◆ **EXERCISE INSTRUCTIONS**
In the records below, find the line with "その後、「購入/予約者情報」と「利用者情報」を入力します。", then copy each line exactly until you have copied the line with "Golfino con scollo". Leave any picture out.

[Excerpts from a dataset]
※
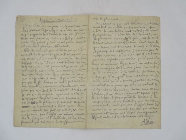 Manuscrit autographe signé dans lequel Alain s'interroge sur les consolations de l'humain face à la mort ou à la douleur. Il souligne qu'il y a, finalement, peu de différence entre le croyant et l'athée. À ce moment de la vie, le premier se tourne vers sa foi, le second vers le raisonnement "qui donne une tournure décente à la chose, et permet de l'expliquer à ses amis". Pour l'auteur, "toutes ses raisons se valent, en ce sens qu'elles ne valent rien ni les unes ni les autres". Elles ne sont qu'un prétexte pour ménager "le passage de la douleur à la résignation". Il conclut "On ne se console pas plus par un raisonnement qu'on ne s'endort par argument; il faut seulement que le discours soit long". Les Propos d'Alain ont été publiés presque quotidiennement dans la Dépêche de Rouen entre 1906 et 1914. Celui-ci semble avoir paru le 27 mai 1907. * Membre du SLAM et de la LILA / ILAB Member. La librairie est ouverte du lundi au vendredi de 14h à 19h. Merci de nous prévenir avant de passer,certains de nos livres étant entreposés dans une réserve.
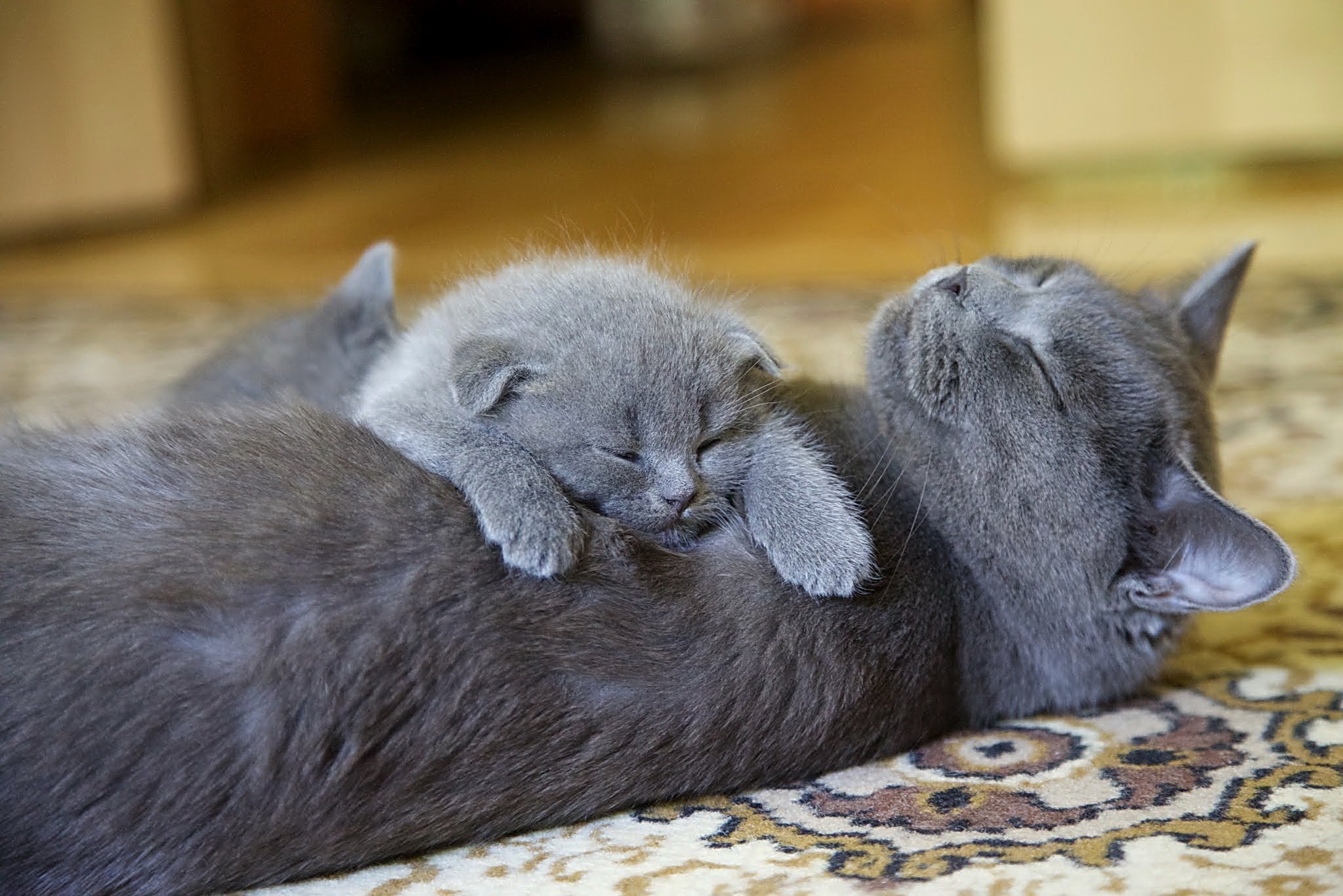 Серая кошка с котятами
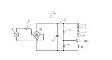 点灯回路19は、概略を図3に示すように、商用電源Eの交流電圧100VをダイオードブリッジDBおよび平滑コンデンサC1により整流平滑して直流電圧24Vに変換し、各LED11に供給する。R1は各LED11に流れる電流を設定するチップ抵抗、14c1はLED11の点灯制御用のトランジスタ、このトランジスタのベース電位はチップ抵抗R2およびツェナダイオードDにより設定される。これにより、商用電源Eから電源を供給すると、交流電圧100VがダイオードブリッジDBおよび平滑コンデンサC1により直流電圧24Vに変換され、各LED11に対してチップ抵抗R2およびツェナダイオードDにより設定された電圧が印加され、トランジスタ14c1で制御された電流が各LED11に流れることで各LEDが点灯して発光する。  As schematically shown in FIG. 3, the
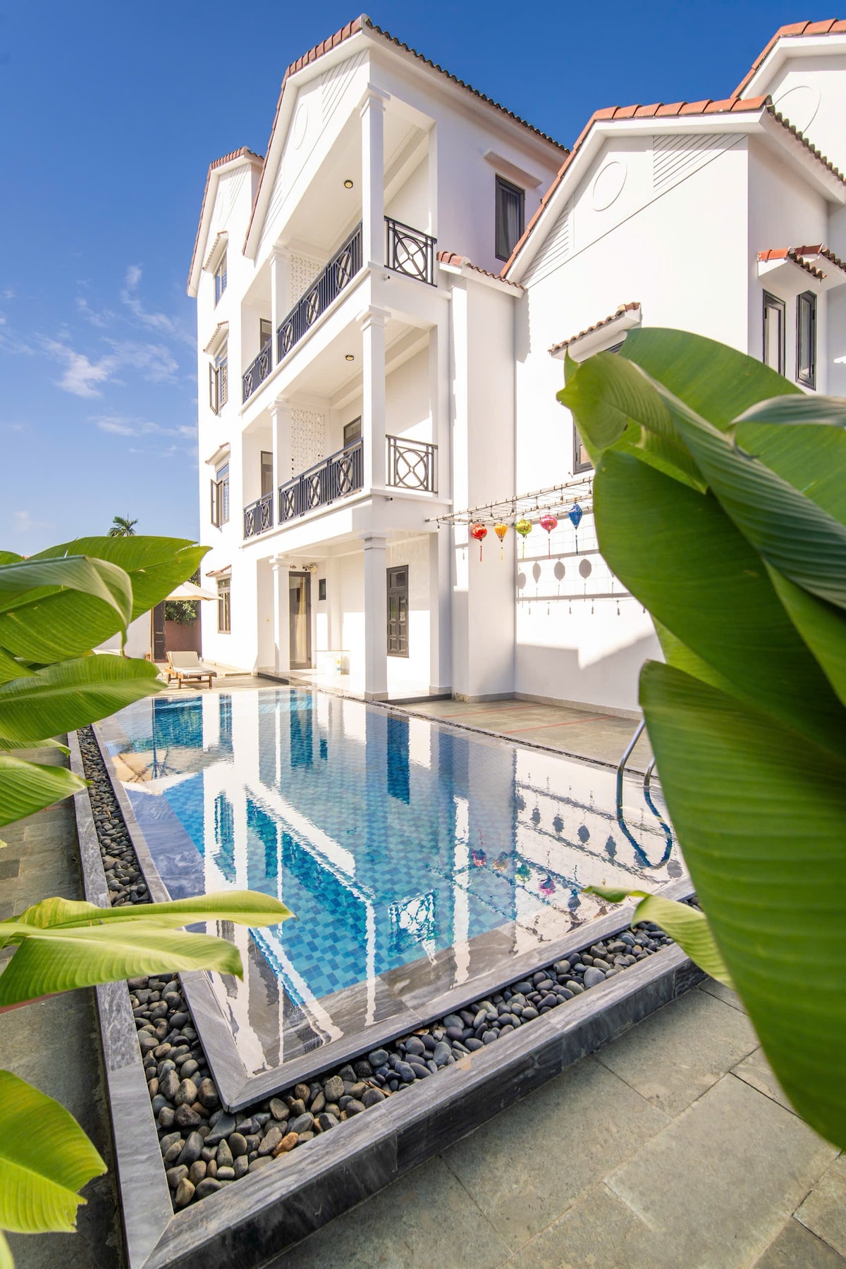 # Room 203 – 2nd Floor Balcony with Pool & Coconut Forest Views # Private balcony room overlooking the villa’s pool and coconut palm forest, located beside a stream in Cẩm Thanh. Includes: - Free daily breakfast - Complimentary 4-seat car transfer from Da Nang Airport/Train Station (stays of 15+ nights) - 3 km to Hội An Ancient Town | 5 km to An Bang Beach | 2km to Bay Mau Coconut Forest | Bà Lê Marketplace 1km
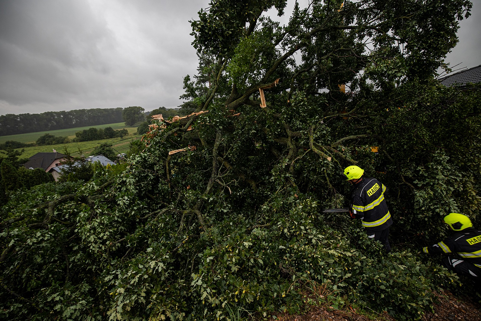 V obci Náhořany došlo k pádu stromu na jeřáb. Hasiči provedli odstranění stromu z přistavené výškové techniky.
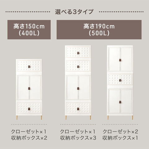 400L:幅43x奥行43x高さ71cm 500L(1クローゼットタイプ):幅53x奥行51x高さ72cm 500L(2クローゼットタイプ):幅53x奥行56x高さ72cm |
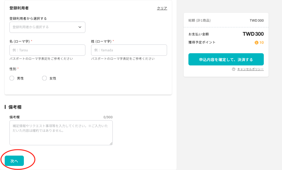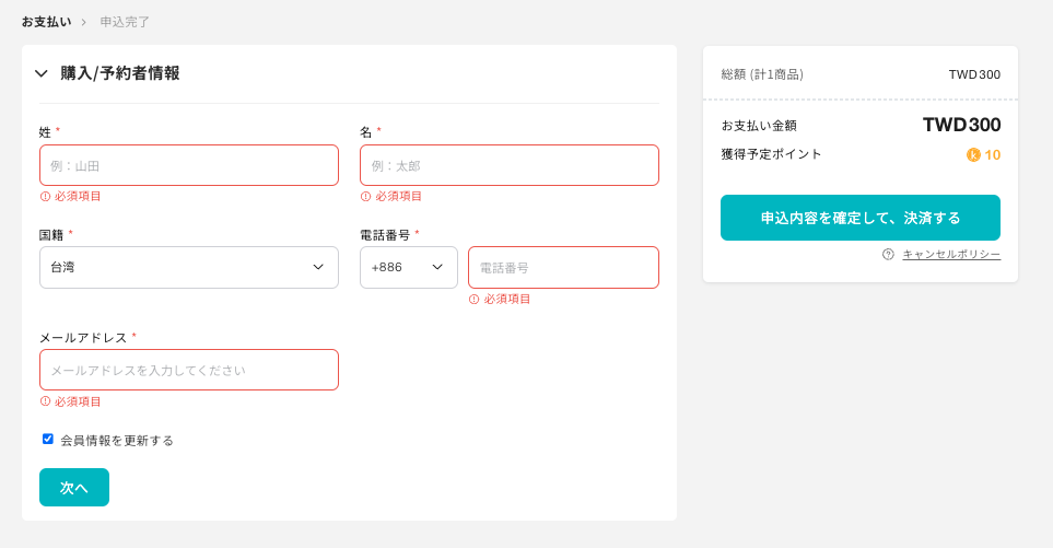 その後、「購入/予約者情報」と「利用者情報」を入力します。
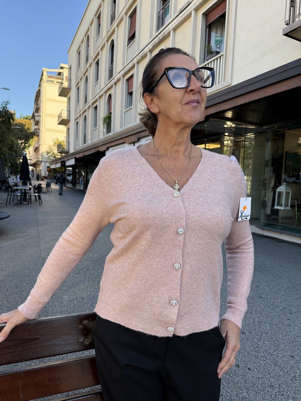 Golfino con scollo a V, chiusura a 5 bottoni gioiello, tessuto morbido ed elasticizzato, polsino alto, vestibilità dalla taglia 42 alla 46
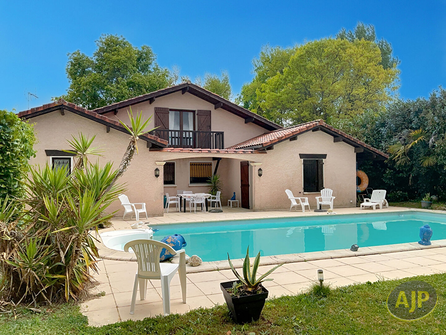 AJP Castelnau Immobilier vous propose cette charmante maison landaise idéalement située sur la commune d'Eysines, à la limite du centre d'entraînement des Girondins de Bordeaux, sur la commune voisine du Haillan.Nichée dans un environnement calme et verdoyant, cette propriété offre un cadre de vie paisible, parfait pour une famille en quête de sérénité tout en restant proche des commodités et de la voie rapide.Elle se compose d'un grand séjour lumineux, idéal pour recevoir, d'une cuisine fermée bien aménagée, et d'un spacieux cellier/buanderie très pratique pour le rangement.Un ancien garage a été transformé avec une douche et des toilettes : il peut facilement devenir une quatrième chambre ou un studio indépendant, selon vos besoins.Côté nuit, la maison dispose de trois chambres confortables, d'une mezzanine pouvant servir de bureau ou de coin nuit, ainsi que de deux salles d'eau (une à chaque niveau).Le tout repose sur un beau terrain arboré, agrémenté de 4 terrasses entourant la maison ? parfaites pour les repas en plein air ? et d'une piscine pour profiter pleinement des beaux jours en toute intimité.Un véritable havre de paix, aux portes de Bordeaux et à deux pas du centre d'entraînement des Girondins, à découvrir sans tarder !Pour plus d'informations ou visites, contactez Damien Saint-gérard au 06.61.07.21.35. (5.30 % honoraires TTC à la charge de l'acquéreur.)
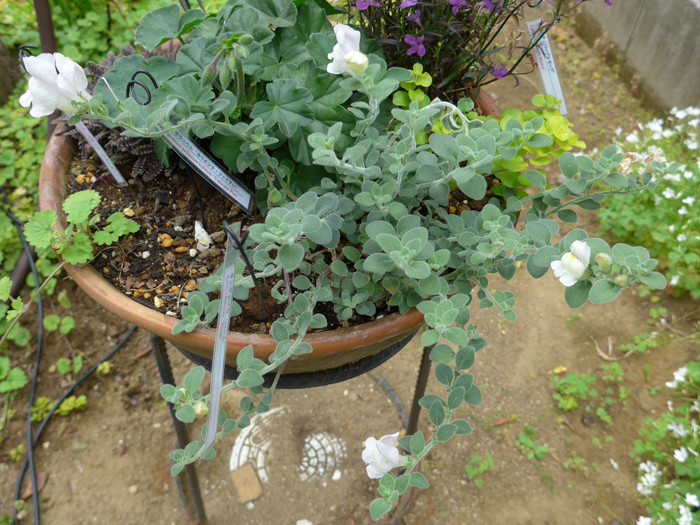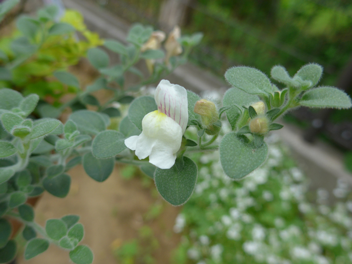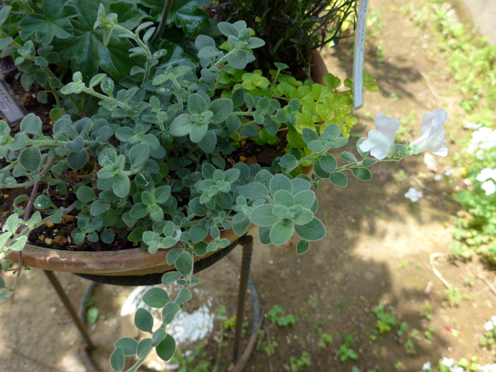 | 形態 | 茎は軟弱で、株元からよく分枝し、マット状に匍匐、下垂する。葉は卵形~楕円形で、全縁で、下部は対生し、上部は互生する。葉は毛に覆われ、灰緑色。4~11月頃、茎頂に総状花序を作り、淡黄色の唇形花を咲かせる。 |
※
◆ **PROBLEM SOLUTION**
 その後、「購入/予約者情報」と「利用者情報」を入力します。
 Golfino con scollo a V, chiusura a 5 bottoni gioiello, tessuto morbido ed elasticizzato, polsino alto, vestibilità dalla taglia 42 alla 46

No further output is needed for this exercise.